*** PROVIDED DATA ***

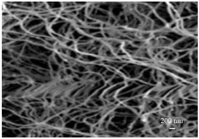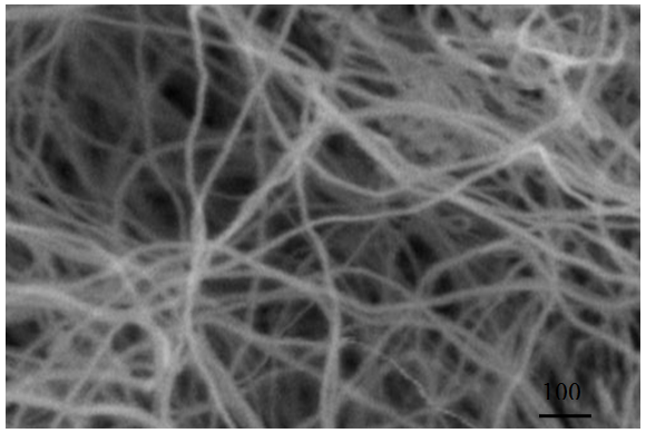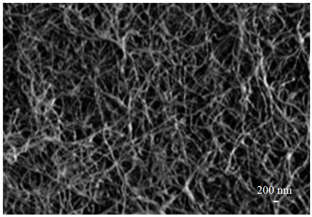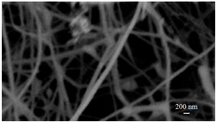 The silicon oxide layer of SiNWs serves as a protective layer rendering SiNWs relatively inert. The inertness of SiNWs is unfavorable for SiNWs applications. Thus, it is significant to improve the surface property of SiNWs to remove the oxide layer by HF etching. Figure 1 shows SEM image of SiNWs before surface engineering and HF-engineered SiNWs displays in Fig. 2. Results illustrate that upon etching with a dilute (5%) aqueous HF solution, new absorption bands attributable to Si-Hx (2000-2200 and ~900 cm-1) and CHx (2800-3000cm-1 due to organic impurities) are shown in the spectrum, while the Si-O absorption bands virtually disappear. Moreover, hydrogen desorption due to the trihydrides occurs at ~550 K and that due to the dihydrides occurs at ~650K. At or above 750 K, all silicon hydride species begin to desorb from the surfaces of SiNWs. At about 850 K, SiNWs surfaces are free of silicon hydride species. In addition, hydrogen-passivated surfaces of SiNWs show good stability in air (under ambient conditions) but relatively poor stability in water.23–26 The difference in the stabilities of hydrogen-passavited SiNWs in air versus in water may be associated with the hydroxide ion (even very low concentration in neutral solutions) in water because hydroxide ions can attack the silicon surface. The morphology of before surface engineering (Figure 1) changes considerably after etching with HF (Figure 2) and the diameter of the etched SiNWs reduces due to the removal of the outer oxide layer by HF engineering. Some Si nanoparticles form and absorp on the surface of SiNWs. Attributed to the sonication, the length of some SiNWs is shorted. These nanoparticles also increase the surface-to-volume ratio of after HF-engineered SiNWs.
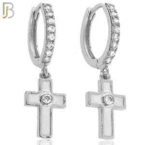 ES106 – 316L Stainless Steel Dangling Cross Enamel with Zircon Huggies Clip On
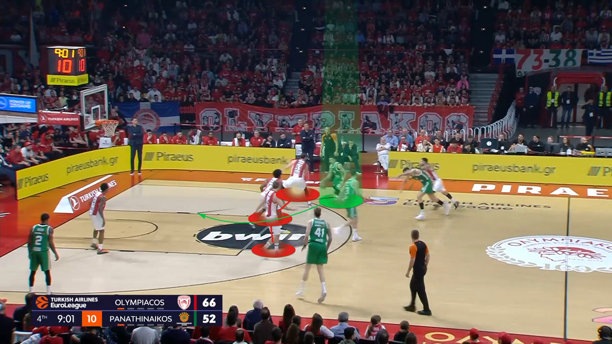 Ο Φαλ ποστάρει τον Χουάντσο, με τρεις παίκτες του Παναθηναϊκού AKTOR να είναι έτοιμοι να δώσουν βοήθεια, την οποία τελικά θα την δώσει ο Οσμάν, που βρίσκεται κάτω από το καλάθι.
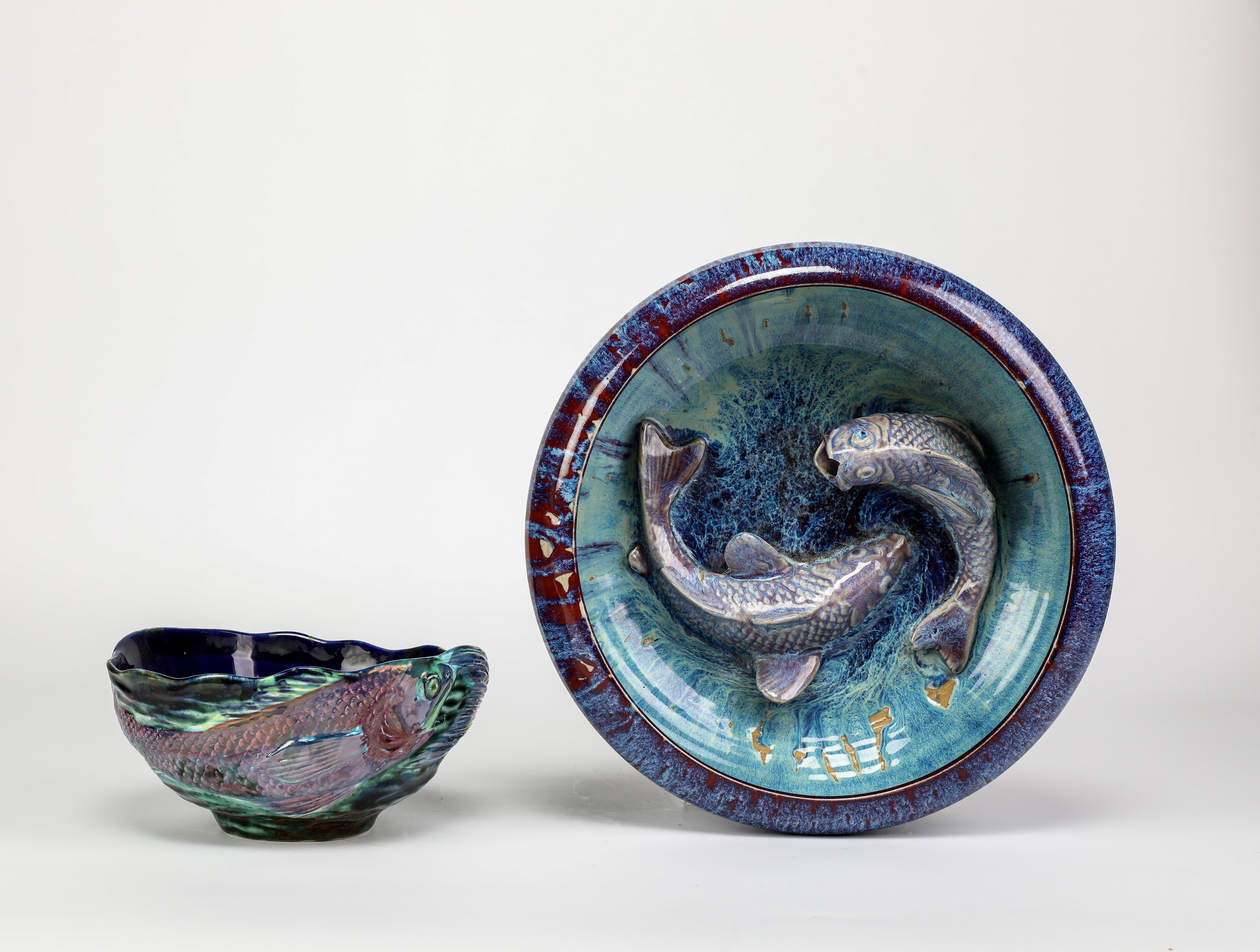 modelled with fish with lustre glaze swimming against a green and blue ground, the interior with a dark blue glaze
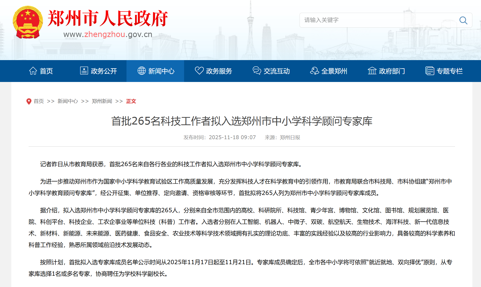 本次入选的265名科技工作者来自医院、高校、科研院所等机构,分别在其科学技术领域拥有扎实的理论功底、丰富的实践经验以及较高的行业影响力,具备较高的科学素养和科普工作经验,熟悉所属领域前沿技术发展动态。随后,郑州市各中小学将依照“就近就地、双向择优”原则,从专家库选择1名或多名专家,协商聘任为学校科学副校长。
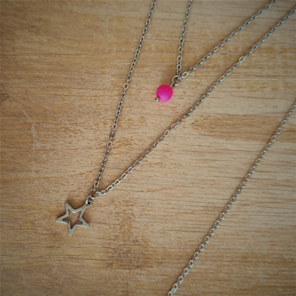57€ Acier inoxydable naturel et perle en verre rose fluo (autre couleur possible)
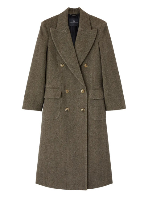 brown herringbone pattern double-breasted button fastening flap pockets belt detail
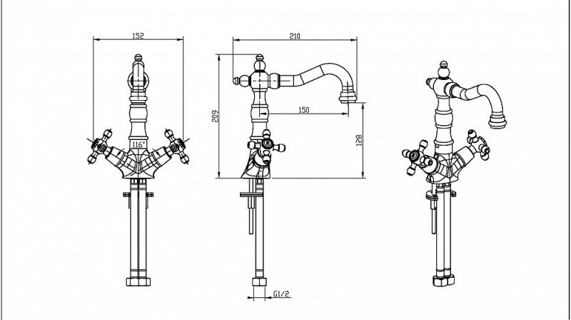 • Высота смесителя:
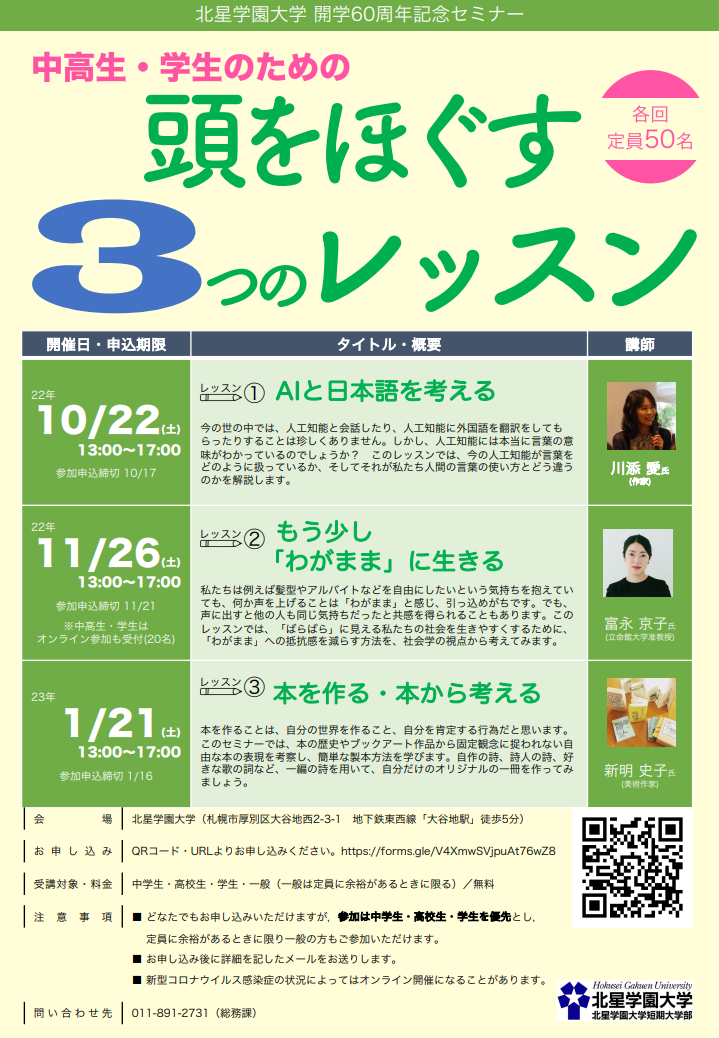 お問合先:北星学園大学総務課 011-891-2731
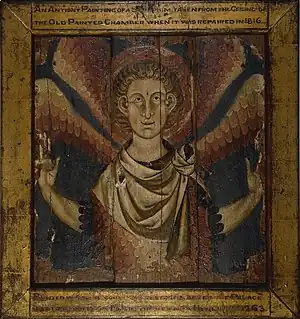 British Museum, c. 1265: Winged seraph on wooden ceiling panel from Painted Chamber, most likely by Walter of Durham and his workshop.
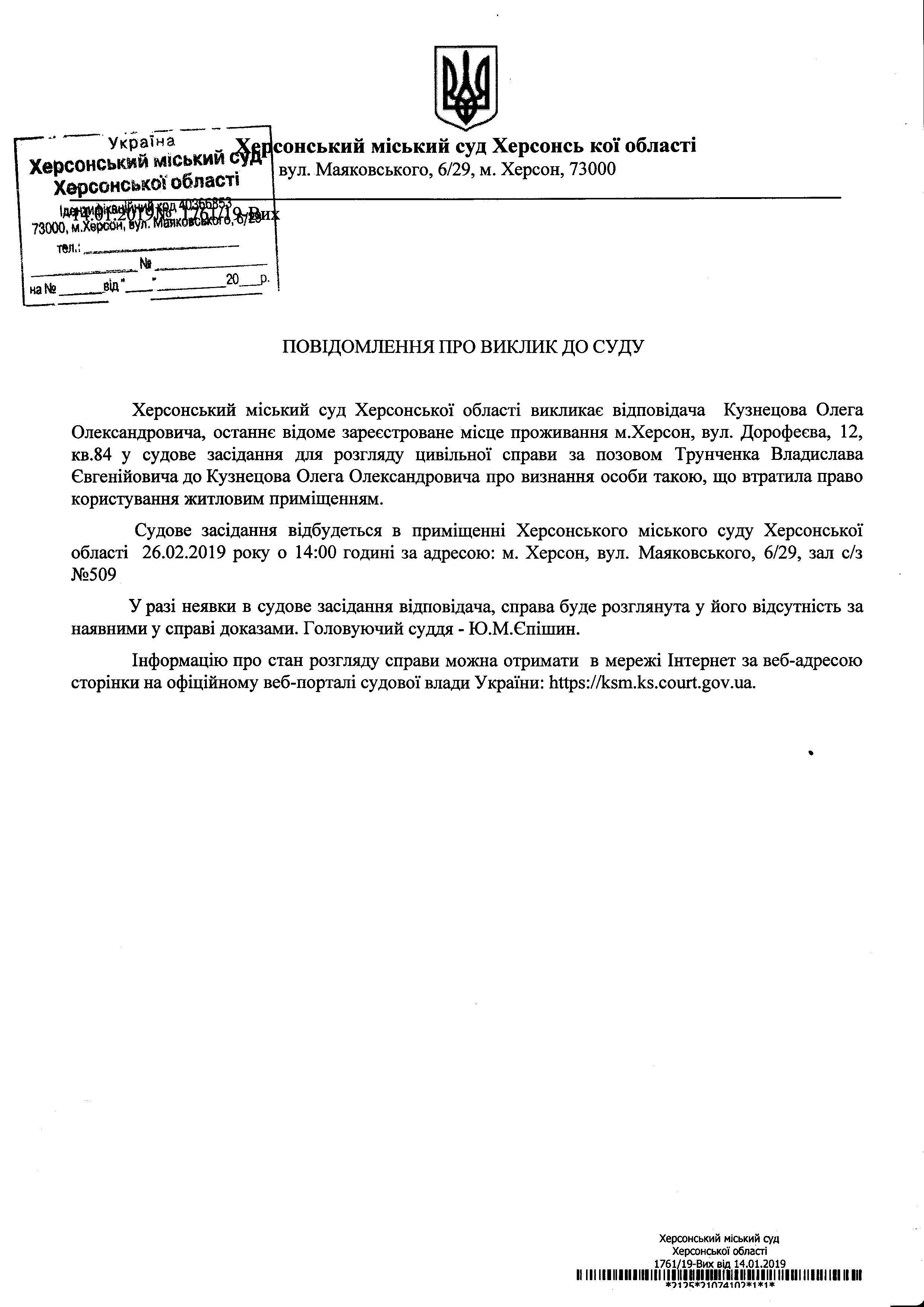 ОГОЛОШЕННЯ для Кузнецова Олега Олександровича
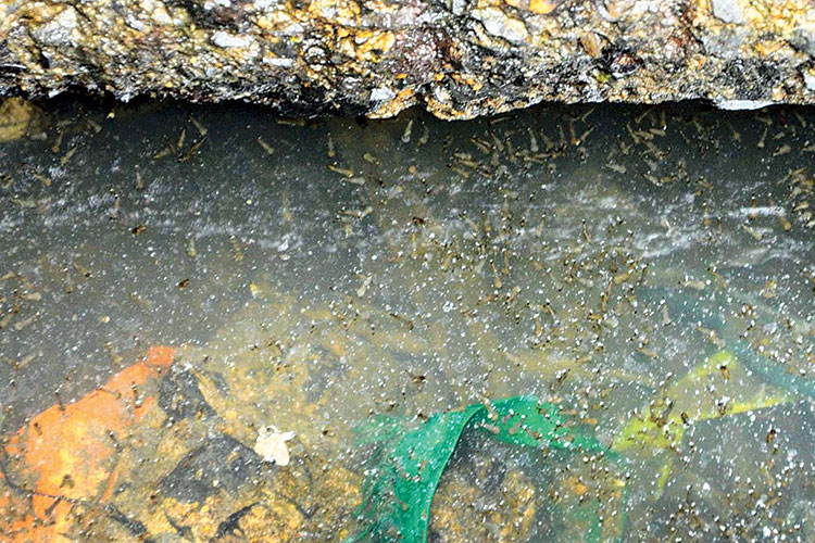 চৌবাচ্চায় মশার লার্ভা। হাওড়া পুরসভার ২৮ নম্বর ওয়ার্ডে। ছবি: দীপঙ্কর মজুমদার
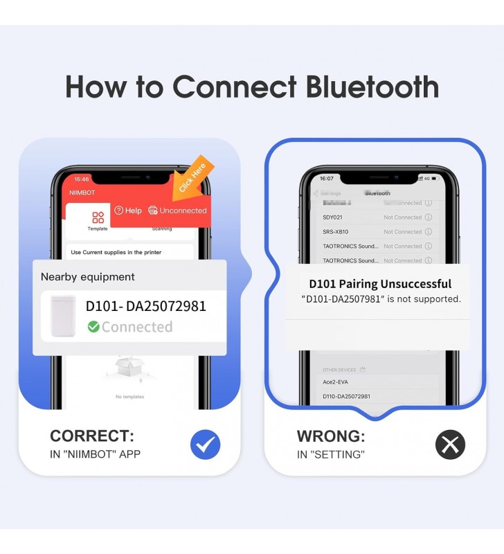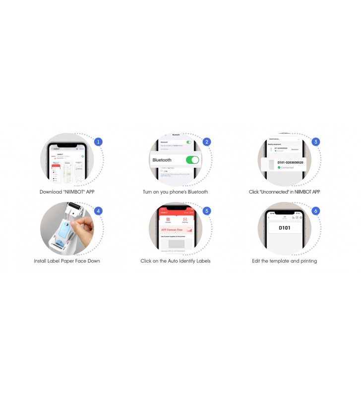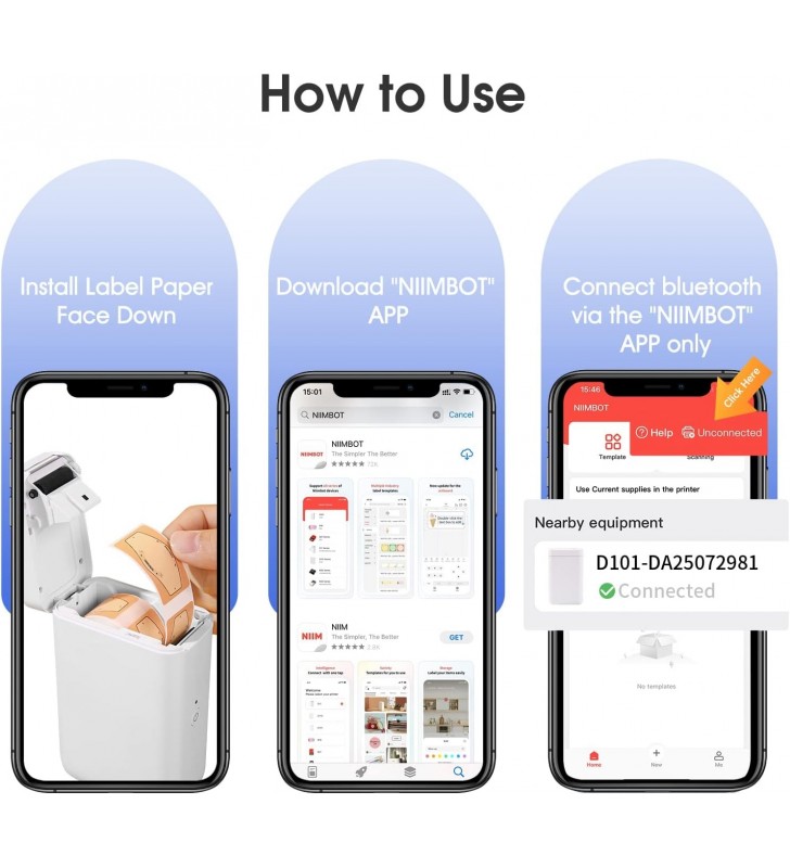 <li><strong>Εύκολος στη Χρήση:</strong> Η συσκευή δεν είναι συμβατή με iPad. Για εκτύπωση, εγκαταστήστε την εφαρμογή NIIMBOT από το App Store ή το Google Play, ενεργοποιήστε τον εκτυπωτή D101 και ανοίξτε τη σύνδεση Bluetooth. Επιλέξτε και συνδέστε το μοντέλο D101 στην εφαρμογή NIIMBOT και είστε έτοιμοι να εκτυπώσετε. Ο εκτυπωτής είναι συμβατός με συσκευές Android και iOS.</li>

***

-- TASK PROMPT --
Precisely those lines above that run from the line with "お問合先:北星学園大学総務課 011-891-2731" up to and including the line with "চৌবাচ্চায় মশার লার্ভা।" are to be set down, with the pictures omitted.

-- OUTPUT OF THE EXERCISE --
 お問合先:北星学園大学総務課 011-891-2731
 British Museum, c. 1265: Winged seraph on wooden ceiling panel from Painted Chamber, most likely by Walter of Durham and his workshop.
 ОГОЛОШЕННЯ для Кузнецова Олега Олександровича
 চৌবাচ্চায় মশার লার্ভা। হাওড়া পুরসভার ২৮ নম্বর ওয়ার্ডে। ছবি: দীপঙ্কর মজুমদার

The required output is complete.